Alladio Eugenio, Martyna Agnieszka, Salomone Alberto, Pirro Valentina, Vincenti Marco, Zadora Grzegorz
Dipartimento di Chimica, Università degli Studi di Torino, Via P. Giuria 7, 10125 Torino, Italy; Centro Regionale Antidoping e di Tossicologia "A. Bertinaria", Regione Gonzole 10/1, 10043 Orbassano, Torino, Italy.
Department of Analytical Chemistry, Chemometric Research Group, Institute of Chemistry, The University of Silesia, Szkolna 9, 40-006 Katowice, Poland.
Forensic Sci Int. 2017 Feb;271:13-22. doi: 10.1016/j.forsciint.2016.12.019. Epub 2016 Dec 21.

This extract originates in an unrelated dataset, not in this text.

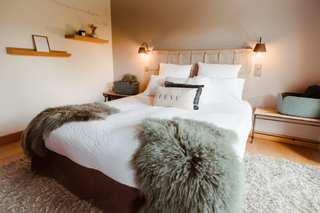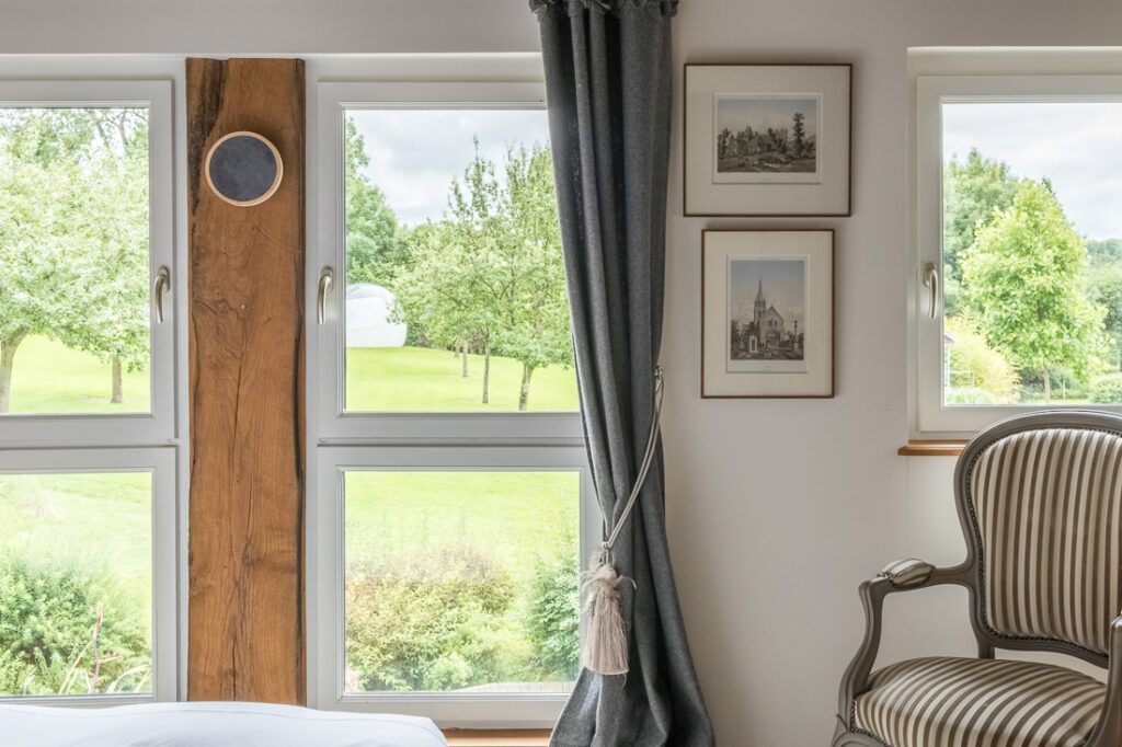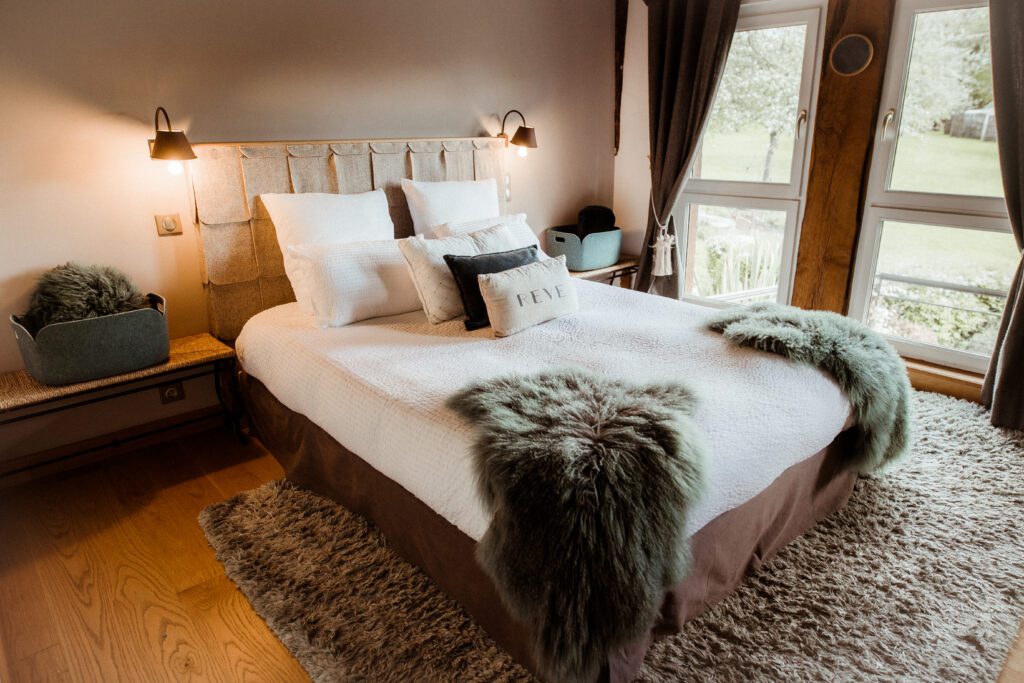 As soon as you step through the door of the Merlerault room, you are greeted by a soothing atmosphere where natural elements blend seamlessly with refined décor. Bathed in exquisite light thanks to its large windows, the room offers breathtaking views of the verdant landscapes typical of the Pays d'Auge region, as well as our orchard – the perfect place to recharge and relax.

The detection of direct ethanol metabolites, such as ethyl glucuronide (EtG) and fatty acid ethyl esters (FAEEs), in scalp hair is considered the optimal strategy to effectively recognize chronic alcohol misuses by means of specific cut-offs suggested by the Society of Hair Testing. However, several factors (e.g. hair treatments) may alter the correlation between alcohol intake and biomarkers concentrations, possibly introducing bias in the interpretative process and conclusions. 125 subjects with various drinking habits were subjected to blood and hair sampling to determine indirect (e.g. CDT) and direct alcohol biomarkers. The overall data were investigated using several multivariate statistical methods. A likelihood ratio (LR) approach was used for the first time to provide predictive models for the diagnosis of alcohol abuse, based on different combinations of direct and indirect alcohol biomarkers. LR strategies provide a more robust outcome than the plain comparison with cut-off values, where tiny changes in the analytical results can lead to dramatic divergence in the way they are interpreted. An LR model combining EtG and FAEEs hair concentrations proved to discriminate non-chronic from chronic consumers with ideal correct classification rates, whereas the contribution of indirect biomarkers proved to be negligible. Optimal results were observed using a novel approach that associates LR methods with multivariate statistics. In particular, the combination of LR approach with either Principal Component Analysis (PCA) or Linear Discriminant Analysis (LDA) proved successful in discriminating chronic from non-chronic alcohol drinkers. These LR models were subsequently tested on an independent dataset of 43 individuals, which confirmed their high efficiency. These models proved to be less prone to bias than EtG and FAEEs independently considered. In conclusion, LR models may represent an efficient strategy to sustain the diagnosis of chronic alcohol consumption and provide a suitable gradation to support the judgment.
通过检测头皮毛发中的直接乙醇代谢产物,如葡萄糖醛酸乙酯(EtG)和脂肪酸乙酯(FAEEs),并采用毛发检测协会建议的特定临界值,被认为是有效识别慢性酒精滥用的最佳策略。然而,一些因素(如头发处理)可能会改变酒精摄入量与生物标志物浓度之间的相关性,这可能会在解释过程和结论中引入偏差。对125名有不同饮酒习惯的受试者进行了血液和毛发采样,以测定间接(如CDT)和直接酒精生物标志物。使用多种多元统计方法对总体数据进行了研究。首次使用似然比(LR)方法,基于直接和间接酒精生物标志物的不同组合,为酒精滥用的诊断提供预测模型。与直接与临界值比较相比,LR策略提供了更可靠的结果,因为分析结果的微小变化可能导致解释方式的巨大差异。一个结合EtG和FAEEs毛发浓度的LR模型被证明能够以理想的正确分类率区分非慢性饮酒者和慢性饮酒者,而间接生物标志物的贡献被证明可以忽略不计。使用一种将LR方法与多元统计相结合的新方法观察到了最佳结果。特别是,LR方法与主成分分析(PCA)或线性判别分析(LDA)的组合被证明成功地区分了慢性饮酒者和非慢性饮酒者。随后在一个由43名个体组成的独立数据集上对这些LR模型进行了测试,证实了它们的高效率。这些模型被证明比单独考虑的EtG和FAEEs更不易产生偏差。总之,LR模型可能是一种有效的策略,有助于慢性酒精消费的诊断,并提供合适的分级来支持判断。